*** Given information Section Begins ***

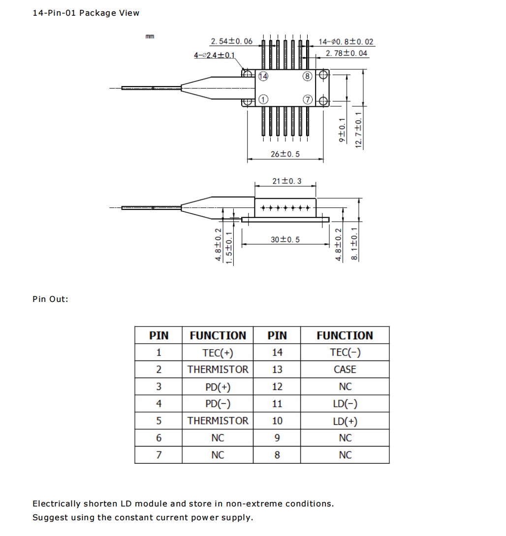 Product Parameter of 880nm2W with TEC 14-Pin Butterfly Fiber Coupled Laser Diode Module
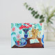 Este adorável Yorkie está sentado na mesa, fazendo um dever de casa. É um cartão postal, especialmente para voltar à escola. Se você fizer o dever de casa, pode ser qualquer coisa que quiser. Tirada da minha pintura original. ©LynHamerCook
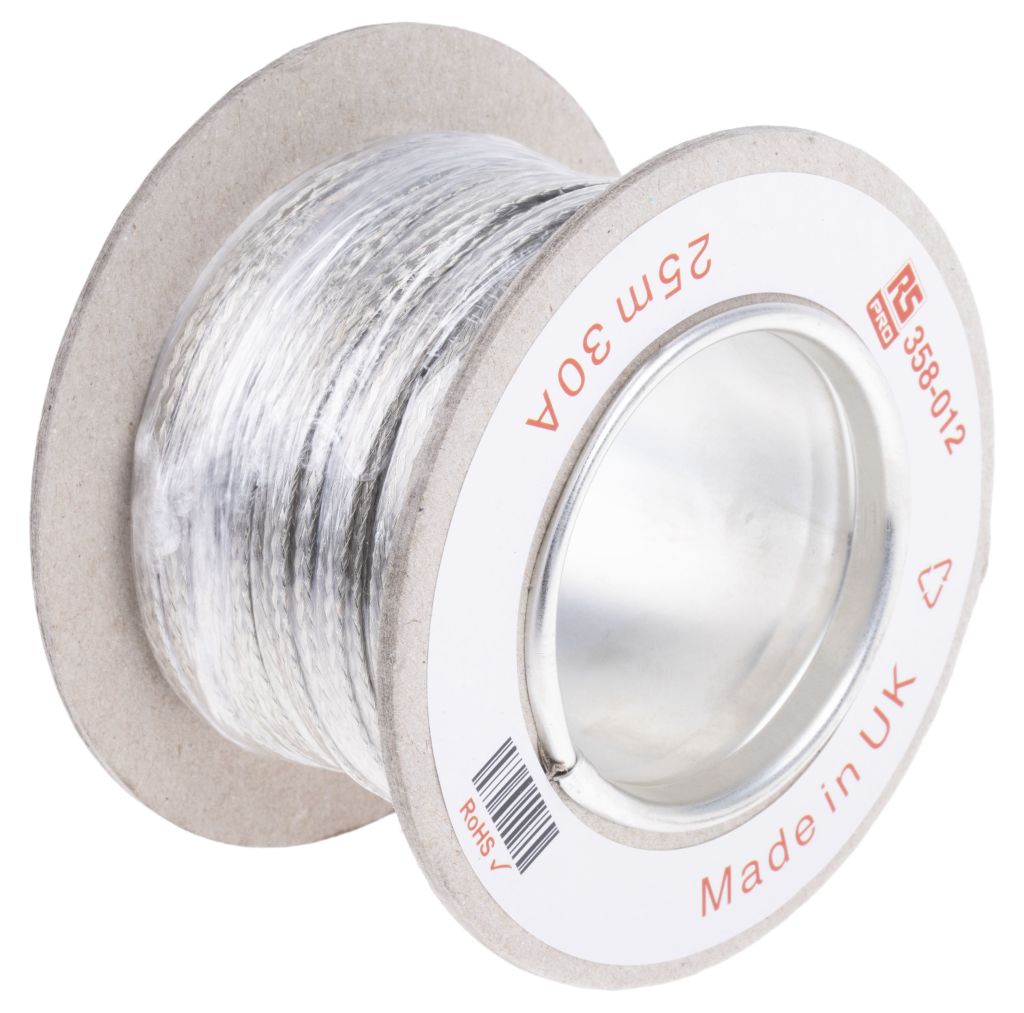 RS PRO Braided Wire 30 A, 4 x 0.8 mm, 25m BS4109

*** Given information Section Ends ***

• [Work to be completed]: Skipping all pictures, set the listing down exactly as written.

• [Written answer]:
 Product Parameter of 880nm2W with TEC 14-Pin Butterfly Fiber Coupled Laser Diode Module
 Este adorável Yorkie está sentado na mesa, fazendo um dever de casa. É um cartão postal, especialmente para voltar à escola. Se você fizer o dever de casa, pode ser qualquer coisa que quiser. Tirada da minha pintura original. ©LynHamerCook
 RS PRO Braided Wire 30 A, 4 x 0.8 mm, 25m BS4109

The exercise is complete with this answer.